5 Tips to Prepare Your Kid for College

By Samantha Peters, Freelance Writer & HR Blogger

Whether your child planning to study Radiography or Russian Literature, going away to college is a scary, exciting time, and no doubt your son or daughter is full of anticipation and a bit of anxiety. Remind your student to keep a healthy balance between work and play by following a few useful bits of advice.
The Importance of Orientation 
Orientations are organized to help freshmen get to know the campus and each other, so encourage your student to attend as many of these events as possible. Orientations are great venues for having fun, exploring campus, meeting new folks, and starting to get accustomed to this brave new world. Events may run one day or several, and lots of schools offer additional programs ranging from wilderness camping trips to urban explorations. Participants are pretty much guaranteed to make a friend, get lots of free stuff, and get answers to last minute questions.
Getting Involved 
A sense of belonging is so important in new situations, and becoming involved in on-campus organizations can go a long way toward helping freshmen feel at home and find a like-minded group of friends. Students participating in on-campus activities are less likely to be homesick and more likely to stay on-campus and take full advantage of all social and cultural activities available. Whether students volunteer, play an intramural sport or pledge a Greek organization, extracurricular activities foster pursuit of established interests and discovery of new ones. Encourage your child to check out on-campus offerings.
Getting Organized 
Though there are plenty of support services available to freshmen, personal organization is so important to collegiate success. Stress the importance of getting to class on time, knowing each professor’s expectations and schedules, and keeping notes and syllabuses in order. On the cash end, teach your child to balance a checkbook, keep track of debit card receipts, and try to stick to a budget.

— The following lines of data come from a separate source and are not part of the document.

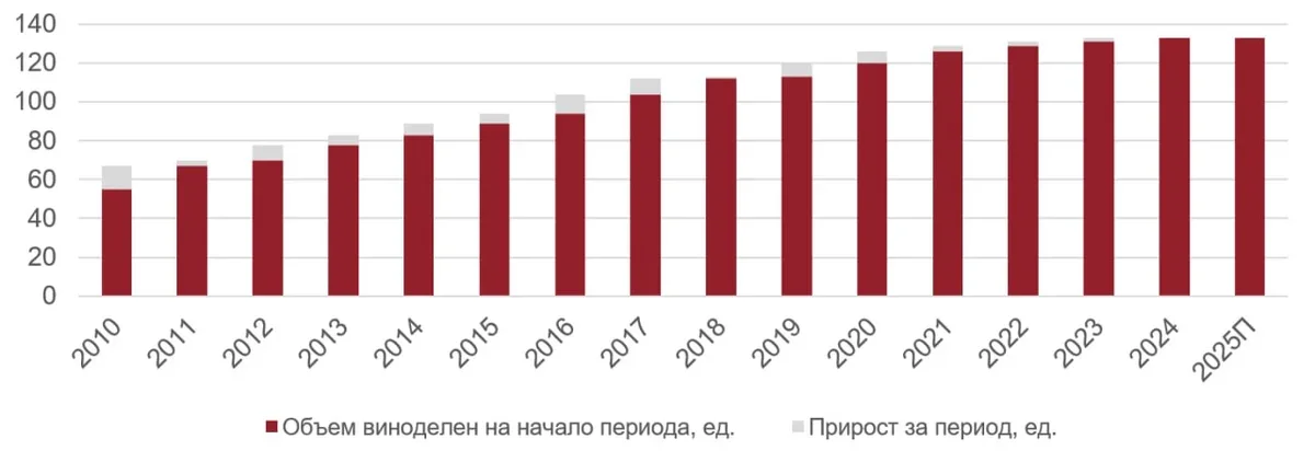 Динамика открытия виноделен с туристической инфраструктурой в России (2010-2025 гг). Источник: NF GROUP
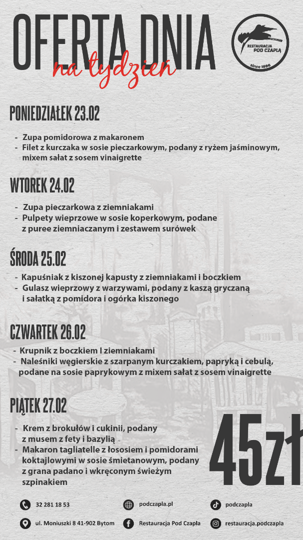 Zapytaj kelnera o ofertę dnia!
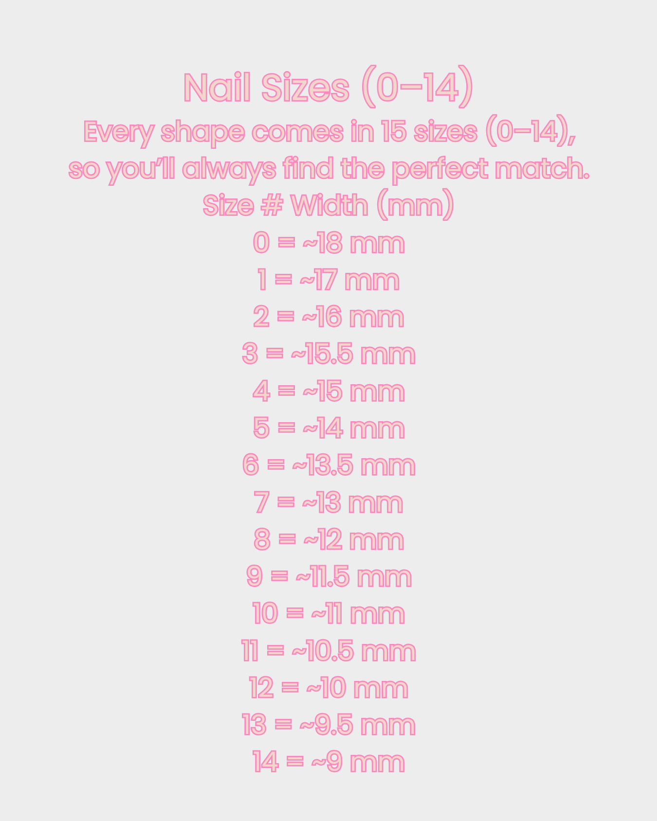 - Use our chart above to measure your nails in mm and send us your sizes at checkout.
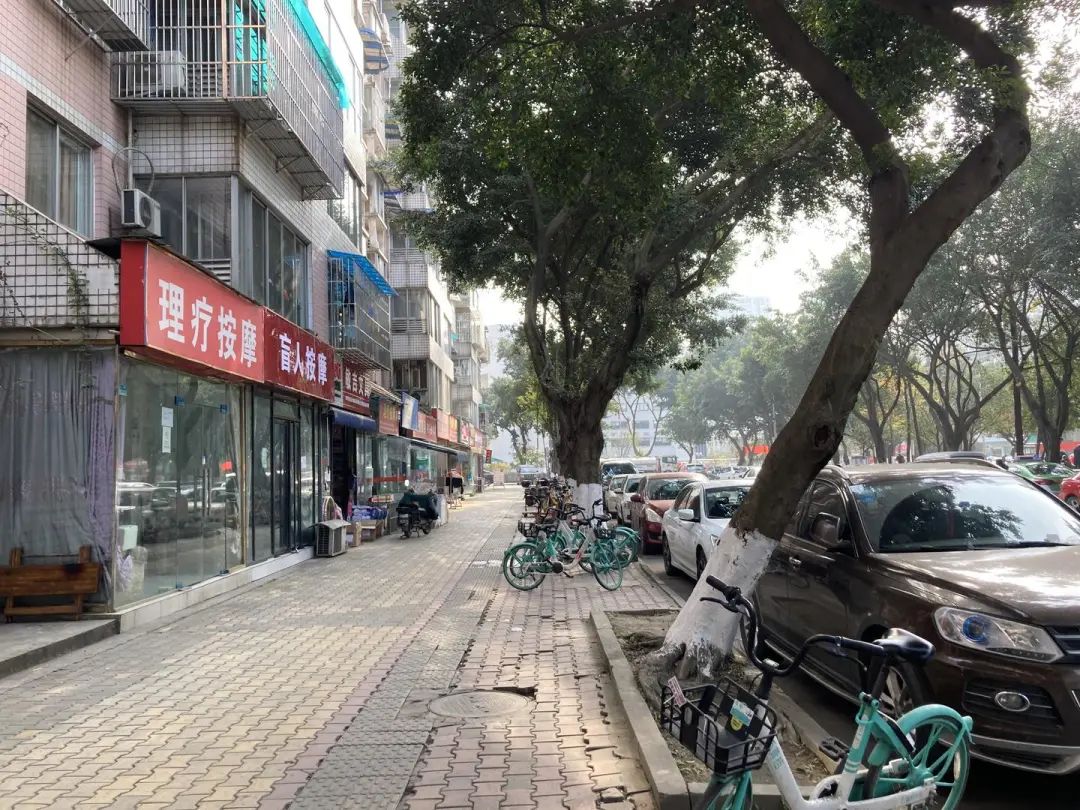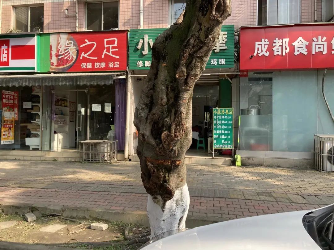 “有客人本来要按摩的,在门口倒车把玻璃撞烂了,只有赶紧去修车理赔,撞得严重的都要花几千块钱。”陈女士开的按摩店正对着这棵‘歪脖子’树,她表示,不管大车小车,尤其在倒车的时候,控制不好距离就容易撞在树上。
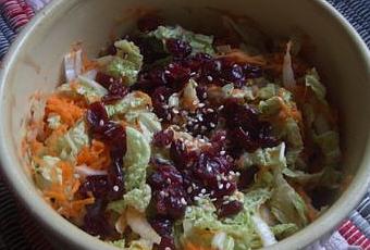 Mélanger les carottes, le chou chinois, la sauce et les cranberries. Parsemer de graines de sésame.
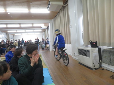 12月5日に西郷中学校で、フレンズ合同学習「なかよし発表会」が行われました。磯小学校からは、あおぞら学級・ひまわり学級・たいよう学級が参加し、日ごろの学習の様子を発表しました。「思い出のアルバム」と題して、3学級それぞれがこれまでに学習してきたことをリレー形式で発表しました。あおぞら学級は重い箱を「おしておして」、どちらが早くゴールできるか、お父さん・お母さんと勝負しました。ひまわり学級はこれまでの思い出を集めて作ったオリジナルの「思い出すごろく」をやって見せました。たいよう学級はこれまで練習してきた自転車に挑戦しました。成功した瞬間には、大きな拍手と歓声が上がりました。
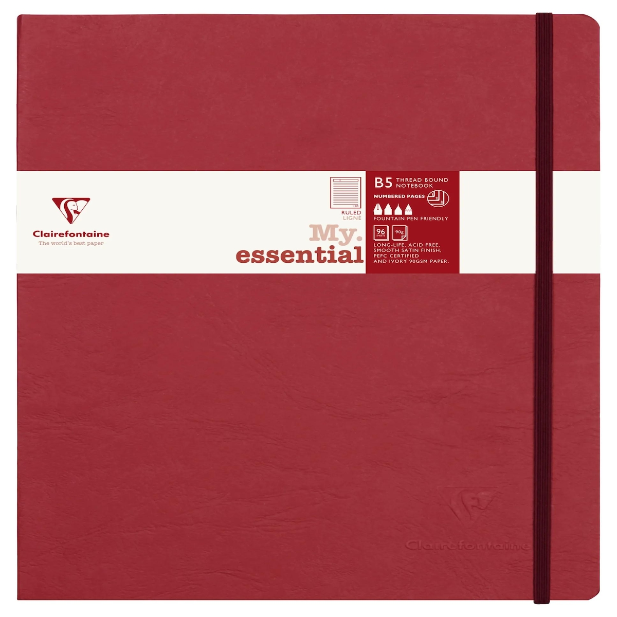 Clairefontaine 5x My.Essential Age Bag, Notizbuch B5 (19x25 cm) mit Fadenbindung, 96 Blatt nummeriert, liniert, Papier elfenbein 90g - Rot 794462C
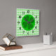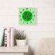 Green Tartan Pattern and Clover Lucky Square Wall Clock
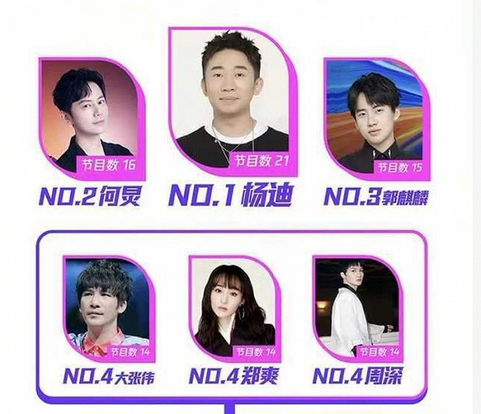 日前有数据平台统计2020年出演综艺最多的艺人榜单,杨迪以21档节目成为2020年最忙综艺咖,何炅则以16档名列第二,少班主郭麒麟以一己之力养活全家,出演了15档综艺。大张伟、郑爽及周深则均以14档节目并列第四。
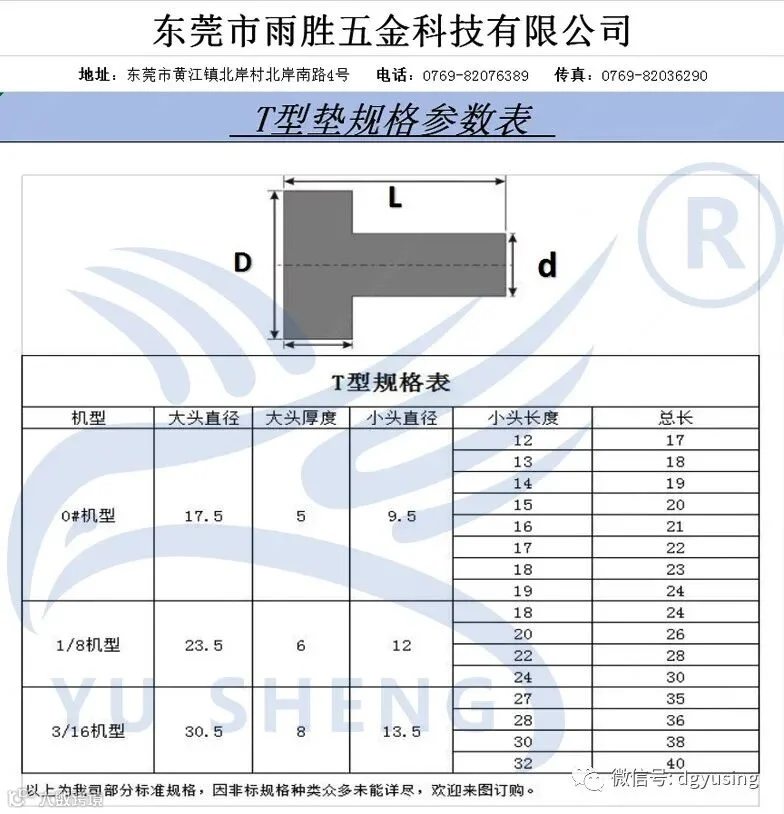 T型后垫规格参数表

Getting to Know Classmates 
Encourage your child to get to know people in his class and dorm, a great boon to on-campus happiness and academic success. Though roommate issues can seem a bit overwhelming, learning to talk things out in a non-confrontational way is bound to inspire a peaceful year. Befriending dorm-mates will give your child a great on-campus family and comfy safety net, as they’re all going through the same roller-coaster emotions together. Getting to know at least one person in each academic class is a smart way to stay up-to-speed on academics and find study partners.
Professors and Academic Advisors 
Your child’s academic advisor is a key player in a successful completion of a course of study. This person will assist with class schedules, major selection and resolution of any academic issues, and your student should be encouraged to consult their advisor whenever necessary. Kids should also take advantage of the chance to meet their professors during scheduled office hours, a decision that’s especially helpful if they hit academic snags during the semester.
As they set off on this amazing adventure, remind your child that his or her first priority is getting an education. By staying focused on goals and effectively balancing work and play, college freshmen can achieve their dreams and still have fun along the way.